Is that useful enough to build a billion dollar advertising business around? My feeling now is not really.
Even for straight up searches, I find using an LLM to do a search and comb through the results is a better experience than Google is now for searching. If I'm specifically looking for esoteric web sites from 27 years ago on vintage computer hardware and software (thank god for Archive.org), Google is just ok for that.
Yet.
Surely we all understand that any commercial model is going to inevitably metastasize into this.
yeah man good thing LLMs are structurally incapable of being incentivized to sell you a product or render referral links, this is surely future-proof
Yeah, they probably aren't doing (most of) these now, but it doesn't take much mental energy to extrapolate once you factor nearly every other tech company's ethical trajectory and the current geopolitical environment. Substituting classic search entirely with LLMs is not a savvy move.
A search engine could certainly tamper with which of these sources they surface/rank higher (which I suspect happening more often of late), but they're still obliged by their nature to branch out and seek information from the broader world.
LLMs, on the other hand, are self-contained opaque monoliths that can be conditioned to deceive or obfuscate with devious cleverness, and all control over their behaviors is entirely concentrated in the hands of whatever corporation trains them.
As soon as one gets annoying, expensive, advertiser heavy etc. you just rip it out and replace it with the other one. AFAICT there is zero lock-in or moat. I often am able to switch models in one click or command. This is why all the LLM providers are desperate for a product layer/comprehensive tool set.
Sure maybe they all end up that way, but there’s plenty of reasons corporate customers will want private LLM usage that is not skewed towards advertising. I am happy to pay for that.
Also, open source models are a bulwark against another search style ad Monopoly.
The question though: Why is that?
Is your Google search usage down because LLMs are "so much better"? Or because Google actively chose to destroy the quality of their search results to juice advertising revenue, and appears to continue to do so to juice AI adoption?
> and have them provide me links for source data.
And therein lies the answer: You don't care about the LLM, you're just using the LLM as a means to get the good links.
This is a common flow for me and works with other skills such “as find recent PR’s in our code base that are related to this research topic”
Also yes, I don't care about the LLM and I am just using it to get what I want because that is what LLMs are for.

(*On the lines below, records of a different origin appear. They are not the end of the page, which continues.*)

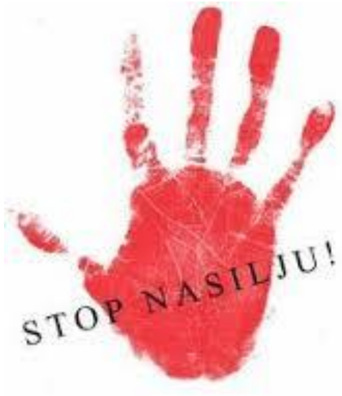
Slika 14. Stop nasilju

https://www.facebook.com/video.php?v=683931111665189&set=vb.673738549351112&type=2&theater
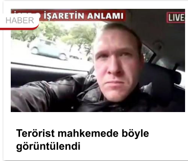
Terörist mahkemede böyle görüntülendi
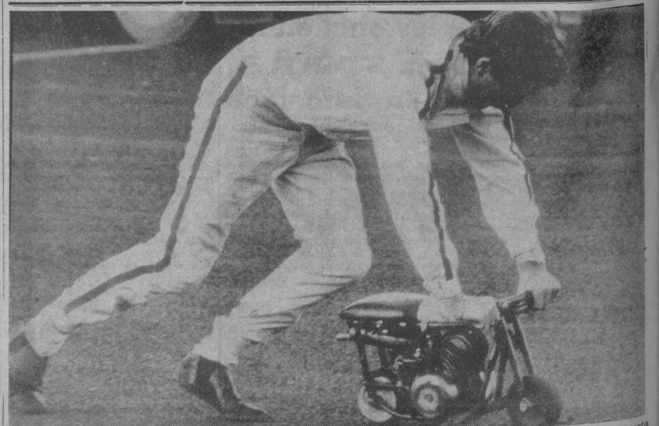
Helsinki.—El corredor de automóviles Jochen Rindt sorprendió a todos al utilizar para sus desplazamientos esta «mini-moto» cuando se disponía a participar en el Gran Premio de Helsinki. Rindt ganó la Fórmula 2, con un bólido, claro.

Osaka, 19.—El nuevo sistema automático para cortar el acero, por medio de un computador electrónico, ha sido adoptado por la constructora naval «Hitachi» en sus astilleros de esta localidad. Con el nuevo sistema obreros no especializados pueden conseguir la suficiente experiencia en la materia en sólo 10 días. Además, las horas de trabajo necesarias para cortar los materiales de acero se reducen a dos tercios en comparación con el tiempo empleado siguiendo el sistema convencional, siendo reducido asimismo, el margen de error de forma considerable.—Efe.
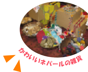
かわいいネパールの雑貨
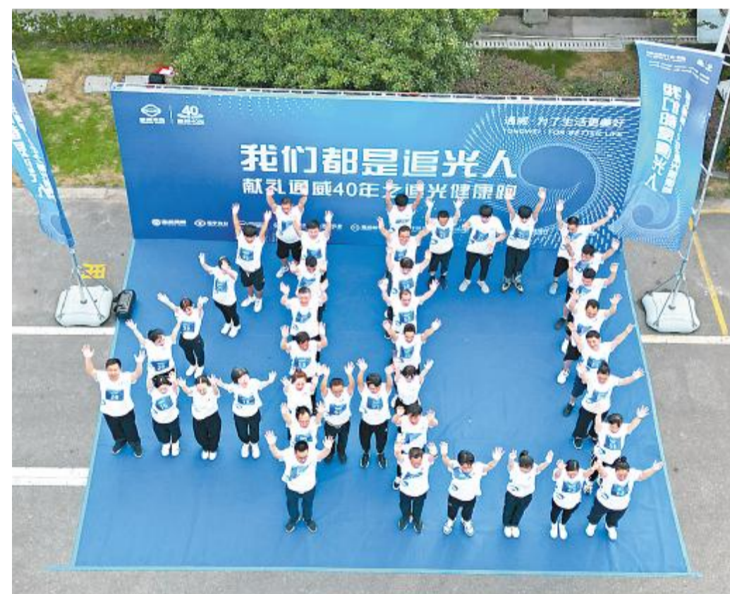
宁波天邦热烈庆祝通威40年华诞
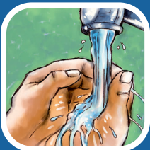
Dội nước cho tay ướt

Dùng loại xà bông thường. Xà bông chống vi khuẩn thì không cần thiết. Các loại xà bông này chỉ giết vi khuẩn, nhưng xà bông chống vi khuẩn có thể gia tăng vấn đề về sự chịu đựng thuốc kháng sinh.
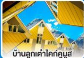
บ้านลูกเต่าโคทคูมูส

ล่องเรือ... ชมทัศนียภาพอันสวยงาม ตลอดสองฟากฝั่งของแม่น้ำไรน์
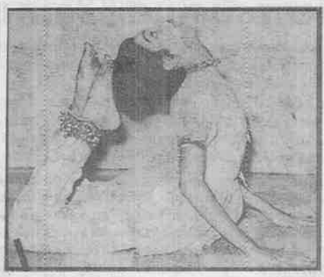
நேற்ற நாட்டிய நாயகன் இன்று நடப்புலக நாயகன்
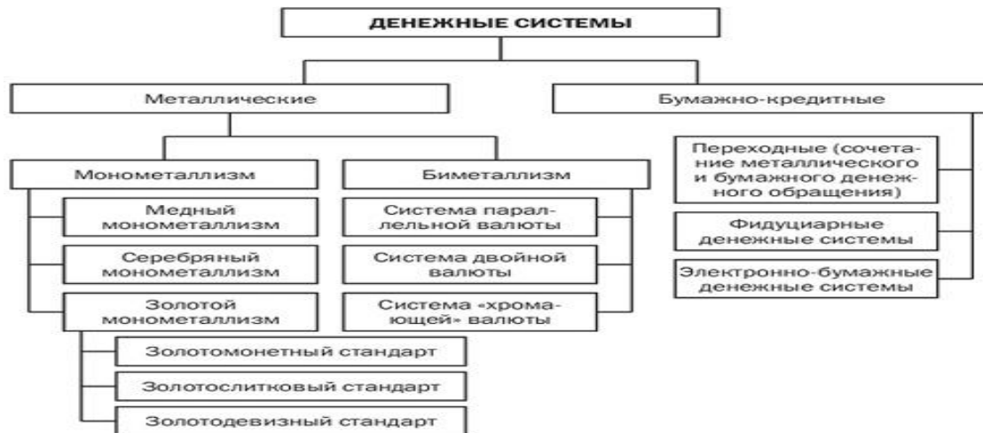
Рисунок 3 – Типология денежных систем

Денежная система представляет собой форму организации денежного обращения, сложившуюся исторически и закреплённую законодательно. Составной частью денежной системы является национальная валютная система. В зависимости от формы, в которой денежные средства функционируют в экономике, различают два типа денежных систем: система металлического обращения и система обращения денежных знаков.
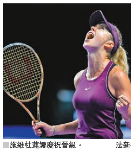
■施維杜蓮娜慶祝晉級。法新社

I've barely used Google for over 2 years.
I barely driven myself in a year.
I haven't written code in 6 months.
Debate over, all sides have been expressed.
It makes me wonder why like 90% of the apps on my phone exist. I just want everything to be markdown files, skills, MCPs/API and then a nice TUI or voice to text.
Since this is how Google makes all their money, why are they killing it off? Do they think people will eventually pay for LLM search? Do they plan to stuff the results with ads, not even sharing the ad revenue with the content sources?
1. LLM Model providers are starting to charge real costs to users, revealing that AI usage is much more expensive than the subsidized rates we've been seeing for years.
2. Google is now using an LLM to answer every single google search that happens, for which Google bears the entire cost.
But I still want to also be able to do my normal, old school searching.
The advertisements fed the content, which fed the AI, which in turn feeds your AI workflows. AI is still not trusted unless it's output is grounded with sources.
I already saw a article recently about how to set up a business domain which can reliably show up in a search result and dump overly positive reviews into anyone's context.
My experience with AI searches is that they'll still be wrong a lot of times, but it will condense/flatten the content generating trash sites and give me alternatives from these deeper results. What I'm looking for is usally in there.